The King looked at his elder daughter, his eyes shining with gratitude for her thoughtfulness. He saw a loving sister, not a master tactician. He did not hear the cold, brilliant calculation that lay beneath her words.

For Helaena, the journey north was not a shock; it was a homecoming. The dizzying, silent passage between worlds that had terrified others felt, to her, like returning to a familiar song. When she stepped from the dark, silent ship onto the docks of Skagos, she did not shiver from the cold. She took a deep breath, and for the first time, the air didn't feel like an assault of noise and scent. It felt… quiet. It hummed with a deep, slow music that matched the one inside her own head.

While Aegon had seen a primitive island, Helaena saw a world alive with secrets. She saw the glowing moss in the citadel's grottos as clusters of sleeping stars. She saw the great dragons not as beasts of flesh and blood, but as living songs of fire and sky. This place was not strange to her. It was sane.

Aegon, to his own surprise, found himself becoming her shadow. One afternoon, he found her by a tide pool, her fingers gently tracing the shell of a crab as she whispered about its journey. A visiting page, a boy from the Westerlands, snickered behind them. "The princess is mad," he sneered. "Talking to shellfish."

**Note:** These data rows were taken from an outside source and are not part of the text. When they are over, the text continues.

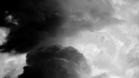Dark dramatic sky and clouds. Background for death and sad concept. Black sky and white fluffy clouds. Sad and moody sky. Beauty in nature. Dead abstract background. Beautiful pattern of clouds.
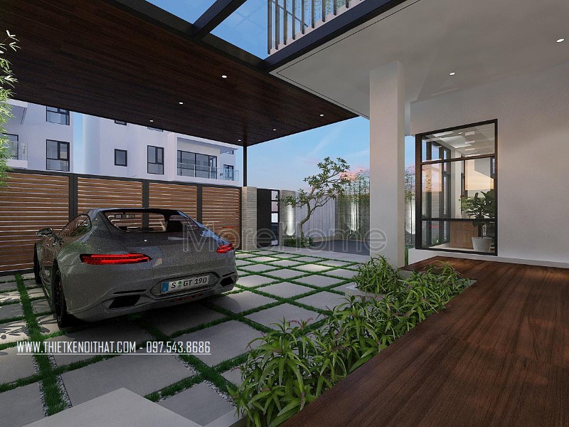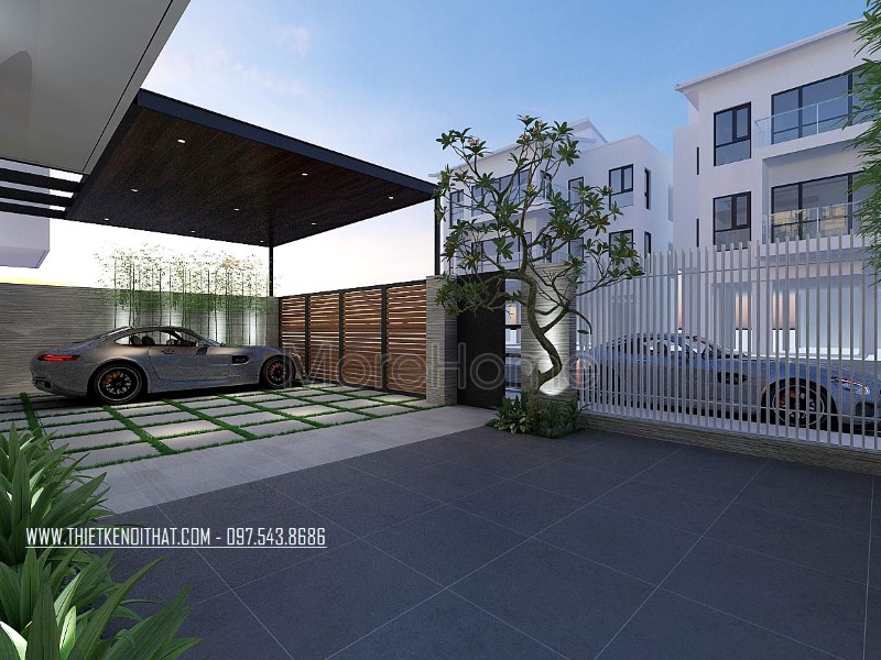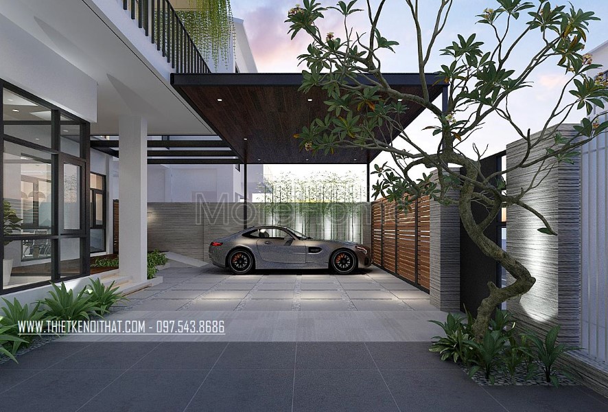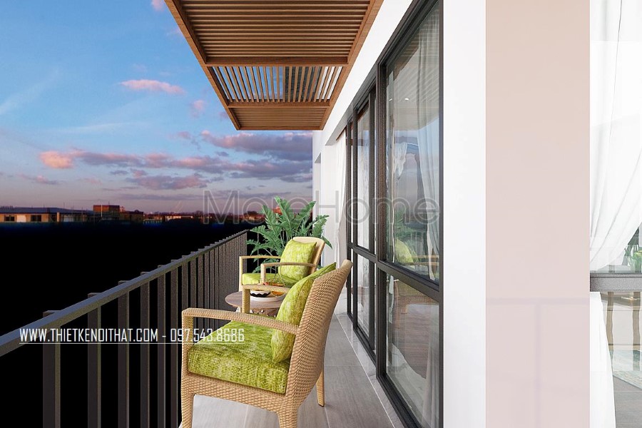 Thiết kế không gian ban công mở là nơi thu hút nhất đối với gia chủ. Với đặc điểm view rộng với không gian vô cùng dễ chịu giúp gia chủ thư giãn sau một ngày dài làm việc. Thiết kế ghế tựa sử dụng vật liệu tre đan khá đơn giản và tiện dụng, dễ dàng thay thế, di chuyển khi cần thiết. Phía trên mái che là thiết kế thanh ngang gỗ xếp ấn tượng vừa đảm bảo tính công năng lại tạo điểm nhấn cho thiết kế.
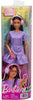 Barbie doll wears a lavender and white pinstriped dress with a relaxed, comfortable fit. The ruffle hem adds an extra pop of personality to her look!
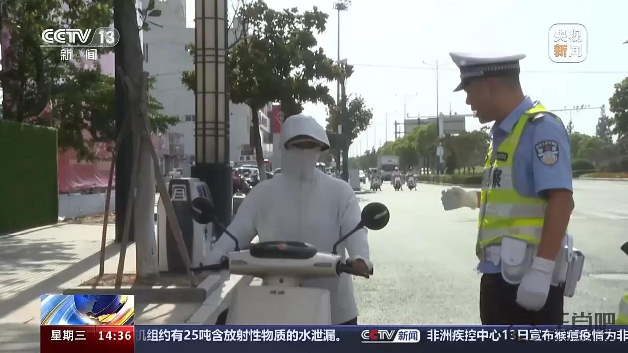 虽说现在已经立秋,但不少地区晴晒天气依然热度不减,有的骑行人员为了遮挡紫外线,穿着长款防晒服骑车,没想到让自己身陷险境。

Aegon, who a year ago would have led the mockery, felt a hot, unfamiliar surge of anger. He stepped between the boy and his sister. "She is Helaena of House Targaryen," he said, his voice low and steady with an authority he didn't know he possessed. "And she will do as she pleases. Go find a different game to play." The boy, stunned by the prince's cold command, scurried away. Helaena looked up at Aegon, a faint, knowing smile on her face, and for the first time, he felt like more than a fosterling. He felt like a shield.

Harry had recognized her gift the moment she arrived. He saw the way her eyes would unfocus, the way her nonsensical mutterings would align with events a day or a week later. Where others saw a disconnected child, he saw a priceless, untapped well of foresight. He had a glass-walled conservatory built for her within the citadel, a lush, vibrant garden filled with impossible plants and docile, jewel-toned insects he had shaped from his own imagination. It was a place where the world was as beautiful and strange as her own mind.

He was sitting with her there one afternoon, the air warm and sweet with the scent of alien blossoms. She was watching a centipede with iridescent legs make its careful way across a leaf. She did not look up, but her soft, childish voice suddenly became as clear and dispassionate as glass.

"The green hand closes," she whispered, her gaze fixed on the creature. "It offers a cup. But the wine inside is a snake with no fangs."

Harry's calm expression didn't flicker, but inside his mind, the words slotted into place with perfect, chilling clarity. The green hand of House Hightower closes in a gesture of peace. An offer—a cup. But the offer, the wine, is a trap with no real threat. A fangless snake.

Otto was planning a false truce. A generous-seeming offer designed to lure them into a political snare, but one that held no real danger if its nature was understood beforehand.

He looked at the small, quiet girl who was now gently nudging the centipede with her finger, guiding it to a juicier leaf. The lords of Westeros schemed in their castles, the maesters studied their dusty scrolls, and the septons prayed to their silent gods. And here, in a hidden garden at the edge of the world, a little girl talking to a bug had just given him the key to the entire kingdom.